The CG125 or Honda CG is a commuter motorcycle made by Honda. It was in production from 1976 to 2008 in Japan and has been in production since 1992 in Pakistan. The CG was originally manufactured in Japan, but the source for the global market was eventually moved to Brazil in 1985, and to Pakistan and Turkey in 1992 for the W and M models.

The CG125 is powered by a 124 cc four-stroke, overhead valve, single-cylinder engine that has changed little over the years.

The CG125 engine design has also been widely replicated and reverse-engineered in various countries, particularly in parts of Asia, Africa, and Latin America. These unlicensed or locally produced variants are commonly used in budget commuter motorcycles due to their low production cost, mechanical simplicity, and ease of maintenance, although build quality and material standards may vary compared to the original Honda-manufactured engines.

==History==
The CG125 was developed from the CB125 for developing countries' markets. The two models were very similar, with many parts in common. The main difference was in the top ends: the CB had an overhead cam (OHC). One fault with many Honda OHC engines of that era (generally denoted CB), was that they had poor cam-chains/tensioners and a tendency to wear the camshaft bearings if oil changes were skipped. The CG engine was developed specifically to address this problem (amongst others) as Honda realised that riders in developing countries performed little or no preventative maintenance. To make the bike more reliable with minimal servicing, the CG125 uses overhead valves (OHV) with pushrods, a washable foam air filter, and fully enclosed chain. The fully enclosed chain was dropped in 2004.

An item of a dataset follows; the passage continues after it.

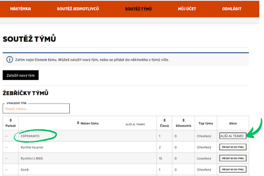 Trovu teamon “ESPERANTO”, klaku “ALIĜI AL TEAMO”

==Production and availability==

In Pakistan the original CG125 is still being produced by Atlas Honda Ltd. Except for a few cosmetic changes, the Pakistani version has remained exactly the same as the original 1980s Japanese CG125 over the past years. It is currently available at a MSRP of 238,500 Pakistani Rupees as of September 2025, equipped with a 9.2-liter tank, a Euro 2-compliant overhead valve engine with kick-start mechanism, and a 4-speed transmission. The decoration graphics are redesigned, as well as the seat and the layout of the instrument cluster, to give this long-lasting model a refreshed appearance. Another variant called CG125SE (Special Edition) was introduced in 2019. The overall appearance of the bike remains the same as the standard model except for additional chassis bracing seen at the front of the engine. Other changes include a different chain cover, relocation of the brake tensioner wire, a 5-speed transmission instead of the original 4-speed and electric start in addition to the kick start system offered on the original model.

The most recent version of the original CG125 without the European market restyling is still in production in China as of 2021 by the two joint-venture partners of Honda, Wuyang Honda as the WY125-19 and Sundiro Honda as the SDH125-7E, although both models were marketed simply as the CG125 CDi. Both versions are modernized with redesigned fuel-injected engines with electric start and 5-speed transmission, fulfilling the latest emission standard, China-IV, while maintaining the classic appearance from the 1980s. The China-IV standard is even stricter than the Euro 4, so in theory, these bikes could be imported to the European market. The Wuyang version retained the overhead valve engine while the Sundiro version switched to a more modern overhead camshaft design, thus could be differentiated by the appearance of their engines, but both versions kept the same displacement and produced similar power and torque.

The Wuyang version had a redesigned engine with a compression ratio of 9.2:1, producing 10 hp at 8,000rpm and 9.5 Nm of torque at 6,500rpm, with a fuel consumption of 1.8 liters per 100km and a maximum speed of 93 kph. The fuel tank remained has remained the same as the old design and has a capacity of 8.6 liters. The kick-start mechanism is completely replaced by electric start, and gear indicators were added to the instrument cluster. The front drum brakes were enlarged and luggage racks were included as standard equipment. It is sold at a domestic MSRP of ¥6,980 Chinese Yuan ($ US dollars) and is exported to other markets including Japan, with a retail price of ¥139,000 Japanese Yen ($ US dollars) as a parallel-imported vehicle from the importers.

In the UK, the CG125 was popular with learners due to licensing laws which allow a rider to operate a 125 cc motorbike with L plates by completing a Compulsory Basic Training (CBT) course.